◆ TASK INSTRUCTIONS ◆
Without any pictures, retype exactly the lines that begin at the one holding "すると、普段浜辺であまり見る" and end at the last line of the data below.

◆ RECORD SET ◆

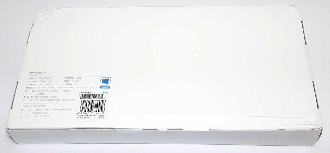 The packaging of the Xiaomi Yuemi Pro MK02 is pretty much identical to the original model. A mostly plain white box with a large picture of the actual keyboard printed on top and some additional information/specs listed on the bottom (in Chinese).
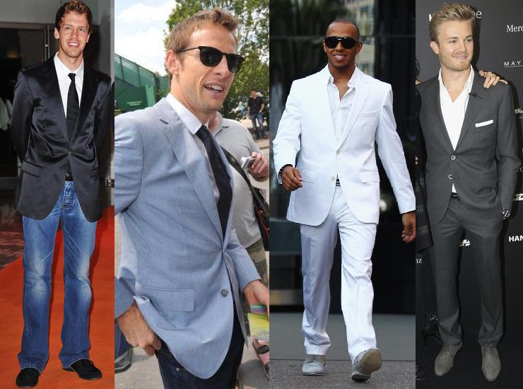 Once a year several handpicked drivers are paraded around the Monaco Amber Lounge in their finery, however this doesn’t count as they’ve had the help of a stylist. Team orders may be allowed on track, but they’re banned here and drivers have to make their own choices. Being formal isn’t all about tuxedos however, if you’re young you might want to be a bit daring, but you’ve got to do it right. Take Vettel and Button mixing it up, don’t do ill-fitting jeans and a shiny jacket, do powder blue and dark denim. Instead of looking like a reality TV star on their first red carpet, you can look rather dapper. Hamilton and Rosberg are keeping it simple by going monotone, but you can only wear white trousers on their own, as going all out pushes the boyband vibe. The trick with monotone is to use another colour…case and point Mr Rosberg.
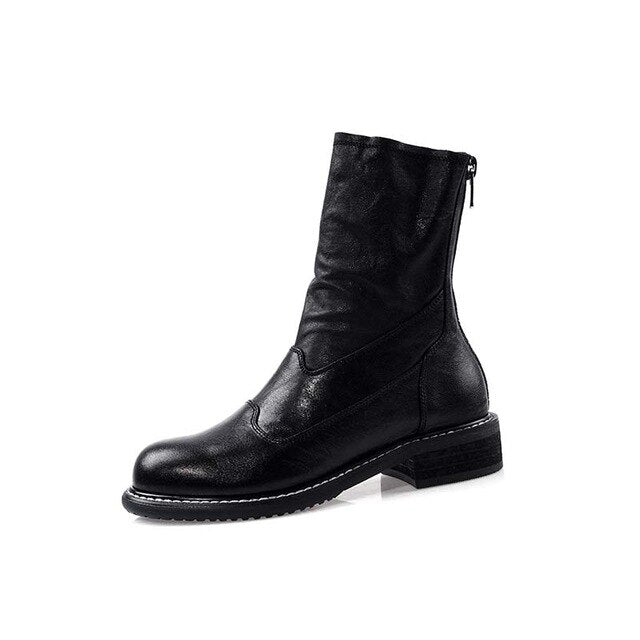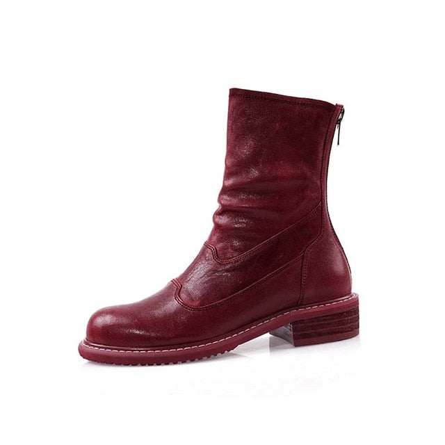 Genuine Leather Short Boots Winter Women Shoes Handmade Sewing Soft Outsole Lazy Shoes Flat Boots Red Beige Black Size 33-42
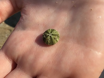 すると、普段浜辺であまり見ることのないウニやタカラガイを、子ども達は見つけました!
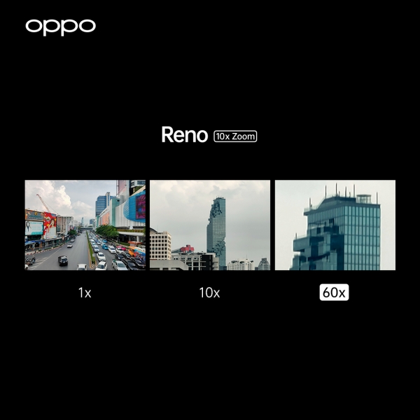 นอกจากจะซูมได้มากถึง 60 เท่าแล้ว OPPO ยังมีเทคโนโลยีที่สามารถซูม 10 เท่าแบบไม่สูญเสียรายละเอียด ด้วยเทคโนโลยีล่าสุด OPPO 10x Lossless Zoom เทคโนโลยีการซูมของ OPPO ที่เปิดตัวเป็นครั้งแรกในงาน Mobile World Congress 2019

◆ EXPECTED OUTPUT ◆
 すると、普段浜辺であまり見ることのないウニやタカラガイを、子ども達は見つけました!
 นอกจากจะซูมได้มากถึง 60 เท่าแล้ว OPPO ยังมีเทคโนโลยีที่สามารถซูม 10 เท่าแบบไม่สูญเสียรายละเอียด ด้วยเทคโนโลยีล่าสุด OPPO 10x Lossless Zoom เทคโนโลยีการซูมของ OPPO ที่เปิดตัวเป็นครั้งแรกในงาน Mobile World Congress 2019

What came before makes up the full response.